Department of Nephrology and Clinical Transplantation, Dr. H. L. Trivedi Institute of Transplantation Sciences, Ahmedabad, India.

出版信息

Saudi J Kidney Dis Transpl. 2013 Mar;24(2):403-7. doi: 10.4103/1319-2442.109618.

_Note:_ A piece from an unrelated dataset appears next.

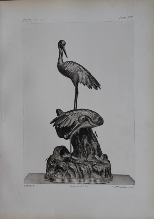 This beautiful chromolithographic print is from The Ornamental Arts of Japan by George Ashdown Audsley. 1st edition, published by Sampson Low, Marston, Searle, & Rivington, London 1882-4,

DOI:10.4103/1319-2442.109618
PMID:23538375
Abstract

Renal transplantation (RTx) is considered as the best therapeutic modality for patient suffering from end-stage renal disease (ESRD). Dearth of donor kidneys is a major problem everywhere, and deceased donor renal transplantation (DDRTx) is seen as at least a partial solution. Even so, DDRTx accounts for only less than 4% of RTx in India. We report our 6-year single-center experience on DDRTx vis-à-vis patient/graft survival, graft function in terms of serum creatinine (SCr), rejection episodes, and delayed graft function (DGF). Between January 2005 and March 2011, 236 DDRTx were performed. Majority of the donors were those with brain death due to road traffic/cerebrovascular accidents. The commonest recipient diseases leading to ESRD were chronic glomerulonephritis (42.8%), diabetes (12.7%), and hypertension (10.6%). Mean recipient age was 36.2 ± 14.2 years; 162 were males and 74 were females. Mean donor age was 45.3 ± 17.13 years; 144 were males and 92 were females. Mean dialysis duration pre-transplantation was 18.5 ± 2.5 months. All recipients received single-dose rabbit-anti-thymocyte globulin induction and steroids, calcinueurin inhibitor, and mycophenolate mofetil/azathioprine for maintenance immunosuppression. Delayed graft function was observed in 29.6% patients and 22% had biopsy-proven acute rejection. Over the mean follow-up of 2.18 ± 1.75 years, patient and graft survival rates were 74.57% and 86.8%, respectively, with mean SCr of 1.42 ± 0.66 mg%. DDRTx achieves acceptable graft function with patient/graft survival, encouraging the use of this approach in view of organ shortage.

摘要

肾移植(RTx)被认为是终末期肾病(ESRD)患者的最佳治疗方式。供体肾短缺在各地都是一个主要问题,而尸体供肾移植(DDRTx)被视为至少是部分解决方案。即便如此,在印度,DDRTx仅占RTx的不到4%。我们报告了我们在DDRTx方面6年的单中心经验,涉及患者/移植物存活情况、以血清肌酐(SCr)衡量的移植物功能、排斥反应发作情况以及延迟性移植物功能(DGF)。2005年1月至2011年3月期间,共进行了236例DDRTx。大多数供体是因道路交通事故/脑血管意外导致脑死亡的患者。导致ESRD的最常见受体疾病是慢性肾小球肾炎(42.8%)、糖尿病(12.7%)和高血压(10.6%)。受体平均年龄为36.2±14.2岁;男性162例,女性74例。供体平均年龄为45.3±17.13岁;男性144例,女性92例。移植前平均透析时间为18.5±2.5个月。所有受体均接受单剂量兔抗胸腺细胞球蛋白诱导治疗以及类固醇、钙调神经磷酸酶抑制剂和霉酚酸酯/硫唑嘌呤进行维持免疫抑制。29.6%的患者出现延迟性移植物功能,22%的患者经活检证实有急性排斥反应。在平均2.18±1.75年的随访期内,患者和移植物存活率分别为74.57%和86.8%,平均SCr为1.42±0.66mg%。DDRTx在患者/移植物存活方面实现了可接受的移植物功能,鉴于器官短缺,鼓励采用这种方法。